Gaandeweg wordt het onthuld: zij is eigenlijk de auteur van zijn oeuvre, de ghostwriter en dat begon al toen zij nog een studente was van hem en ze een prille relatie hebben. Hij vraagt haar commentaar op een verhaal. Ze zegt: 'De dialogen zijn houterig…het plot kan anders worden ingeleid…' Eerst wordt hij kwaad, zij smeekt hem dat ze het goed bedoelt. Hij laat het toch toe en het verhaal wordt juichend ontvangen. Nog veel later ontdek je door de flashbacks dat het niet alleen maar om suggesties en correcties gaat om het geheel te vervolmaken: zij schrijft alles, hij doet het huishouden en zorgt voor de kinderen en als er een onbalans en een ruzie is, dan weet hij het ook nog voor elkaar te krijgen, dat zij toch weer smelt, als hij boos zegt dat het voor hem een hele opgave is, om zo dienend te zijn. Ondertussen is de voedingsbodem van haar schrijven, zijn talrijke escapades met jongere minnaressen, het bedrog, de vernedering, de pijn. En dan barst de bom als hij tijdens de dagen van de prijsuitreiking in Zweden het ook weer wil aanleggen met een jonge fotografe, die de opdracht heeft hem overal te volgen en te begeleiden voor een omvangrijk artikel.
Het is dat gezicht van Glenn Close, waar zowel intense kracht als kwetsbaarheid uit straalt. Het lijkt haar specialiteit: een sterke vrouw spelen die tegelijk hunkert naar aandacht, maar dat heel goed verborgen weet te houden. In Fatal Atraction waarmee ze doorbrak, een vrouw die geen genoegen neemt, dat de andere, een getrouwde man, een hartstochtelijk vrijpartij af wil doen als een slippertje en uiteindelijk stopt ze het lievelingskonijn van zijn zoontje in een kokende pan met water op het fornuis. In Dangerous Liasons speelt ze met het verlangen van een oude minnaar en ze verliest zowel hun spel als hemzelf. En nu in The Wife , en overal die intense, broedende blik…

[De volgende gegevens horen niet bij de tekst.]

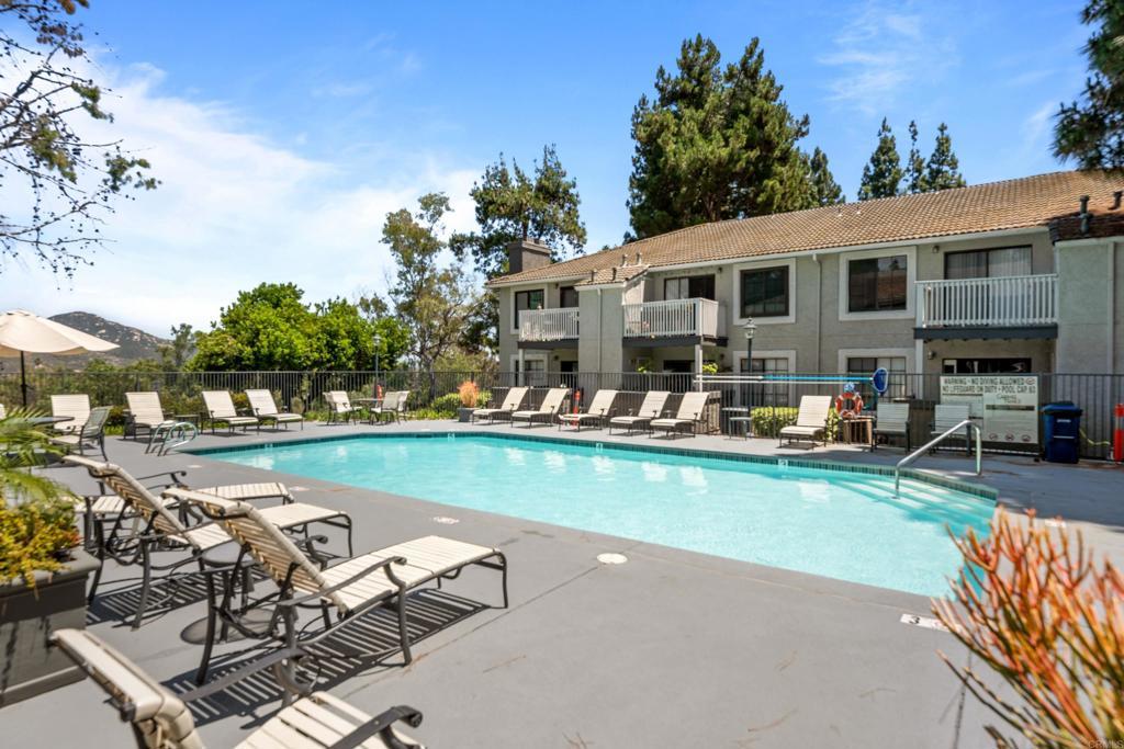 ** Move-In Ready Gem in Highly Sought-After Carmel Trails! ** 1 Bedroom • 1 Bath • Ground-Level Corner Unit Welcome to Carmel Trails, one of North County’s most desirable resort-style communities—ideally situated in the heart of Carmel Mountain Ranch and within the award-winning Poway Unified School District! This beautiful ground-level corner unit offers the perfect blend of comfort, convenience, and incredible value. Interior Highlights: Freshly painted throughout Granite countertops in both kitchen and bath All appliances included Bright, airy interiors with custom window treatments Living room features a granite-faced fireplace, neutral carpet, and ceiling fan in dining area Spacious bedroom with dual mirrored closets Full-size laundry closet with shelving 1 assigned carport parking space in front of unit Private patio overlooking a serene greenbelt — you'll love the peace and greenery. Resort-Style Community Amenities: 2 gated pools & spa (unit in close to pool) Clubhouse with fitness center & sauna Tennis & basketball courts BBQ area Ample guest parking Prime Location: Just minutes to I-15, top shopping centers, Costco, Home Depot, restaurants, movie theater, and everyday conveniences. Perfect for commuters, first-time buyers, downsizers, or savvy investors. All nestled within a quiet, park-like setting surrounded by mature pines and lush landscaping. Don’t miss this opportunity! Highly rated schools, Rancho Bernardo High School and Bernardo Heights Middle Schools, are very close by — schedule your tour today and make this exceptional condo yours!

Die komt ergens diep bij mij binnen. Omdat ik er een ander thema in zie: het verlangen van elk mens om thuis te komen, ergens of bij iemand. Met alles wie je bent, ook met je zwakke en heel onvolmaakte kanten. En dat hoor ik prachtig en wee-makend gezongen in een duet van Tom Waits en Crystal Gayle, beide komend uit ook een ander spectrum in de muziekwereld van toen, in mijn pubertijd: Hij uit de rafelige kant van het leven, zwervend en in mijn fantasie vaak half dronken. Zij uit de gepolijste wereld van de Country-muziek, de nette voorspelbare kant van de samenleving. In dit duet komen die uitersten zó mooi bij elkaar. En ze zingen: Take Me Home.